H&H Medical Corporation Issues Nationwide Recall of Emergency Cricothyrotomy Kit
Date of Recall
2013-10-04Recall Details
- October 4, 2013 - On August 27, 2013, H&H Medical Corporation initiated a nationwide recall of 6,619 units of the H&H Emergency Cricothyrotomy Kit. The product has been found to show the potential for a defective cuff balloon on the provided endotracheal airway.Consumers who have product should stop using the product and return them to their original place of purchase for immediate credit. Distributors are instructed to return all recalled items meeting the lot numbers listed below for return credit or for immediate replacement.
The recalled version of the H&H Emergency Cricothyrotomy Kit was produced between August 16, 2012 and July 29, 2013. The following lot numbers have been recalled:
| Lot # of kits manufactured |
Quantity Shipped In Market |
Expiration Date |
|---|---|---|
|
CKBD033 CKBE033 |
1,802 198 |
August 2015 |
|
CKBD034 CKBF034 CKBG034 |
653 326 254 |
August 2015 |
| CKBP045 | 248 | November 2015 |
|
CKBP047 CKBQ047 |
172 201 |
November 2015 |
| CKBR060 | 125 | February 2016 |
| CKBT065 | 125 | April 2016 |
|
CKBV070 CKBW070 CKBX070 |
150 101 385 |
May 2016 |
| CKBX071 | 247 | May 2016 |
| CKBX076 | 510 | June 2016 |
| CKBX078 | 125 | July 2016 |
| CKBX079 | 125 | July 2016 |
| CKBY079 | 125 | |
|
CKBY080 CKBZ080 CKCA080 |
164 368 215 |
July 2016 |
The product lot number can be identified by a lot number and manufacture label applied at the top opening of the kit.
H&H Medical Corporation is voluntarily recalling this product after becoming aware of the issue with the defective cuff. H&H Medical Corporation has notified the FDA of this action.
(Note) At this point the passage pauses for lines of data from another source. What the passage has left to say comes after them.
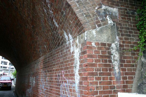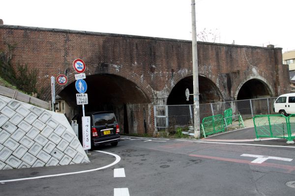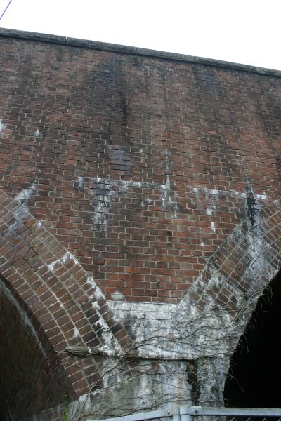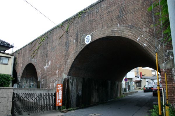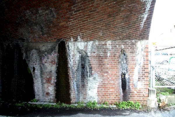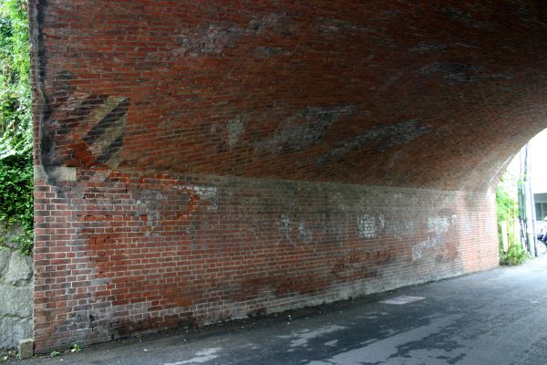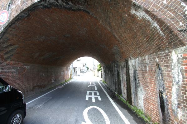 アーチ部分の煉瓦が傾けて積んであり、螺旋を描いているように見えます。強度を保つために、上部の線路と直交するように積んでいくとこのようにねじれたようになるそうです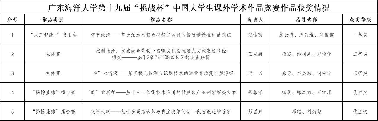 10月31日至11月3日,第十九届“挑战杯”全国大学生课外学术科技作品竞赛终审决赛在南京大学举行。开云官网参赛作品在本届大赛中表现优异,共斩获5项国家级奖项,其中《智喂深海——基于深水网箱鱼群智能监测的投喂量精准评估系统》斩获“人工智能+”应用赛一等奖,创造了开云官网在“挑战杯”赛事中的最好成绩。此外,开云官网在主体赛收获三等奖2项,“揭榜挂帅”专项赛收获优胜奖2项。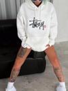 Üç İplik Kapşonlu Baskılı SweatShirt - Beyaz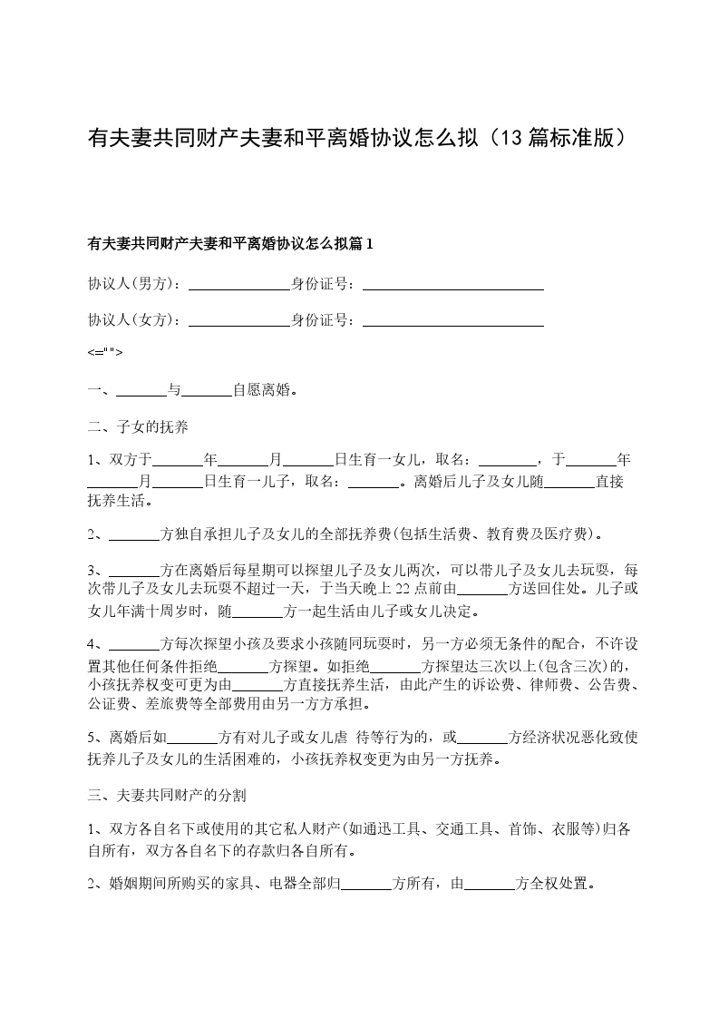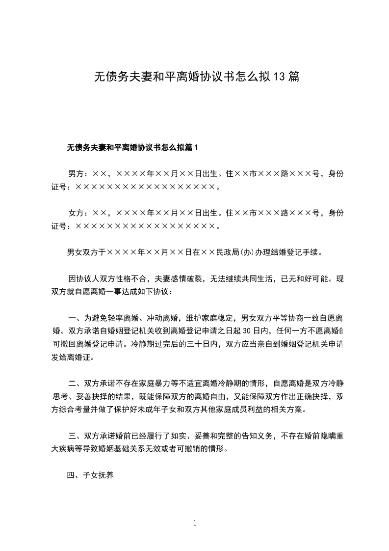 无债务夫妻和平离婚协议书怎么拟篇13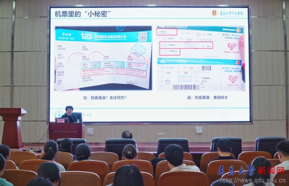 从一张特殊的飞机票开始,魏丽丽教授讲述了青大护理人在抗击新冠肺炎疫情期间临危不惧、视死如归,困难面前豁得出、关键时刻冲得上,以生命赴使命,用大爱护众生的一幕幕、一件件感人故事。这些事迹彰显了医护人员身先士卒,舍己为人的奉献精神;坚守岗位,向阳而生的乐观精神;互助友爱,温馨和睦的团队精神,更昭示了中国共产党的伟大、社会主义制度的优越。

The cuff balloon may be defective due to a very particular set of circumstances (a reduction in package density, a higher than average dose of gamma sterilization, and the occasional slippage of a protective silicon sleeve during shipping used to shield the cuff balloon at the end of the endotracheal airway). To date, no injuries or deaths have been reported to H&H or to the FDA.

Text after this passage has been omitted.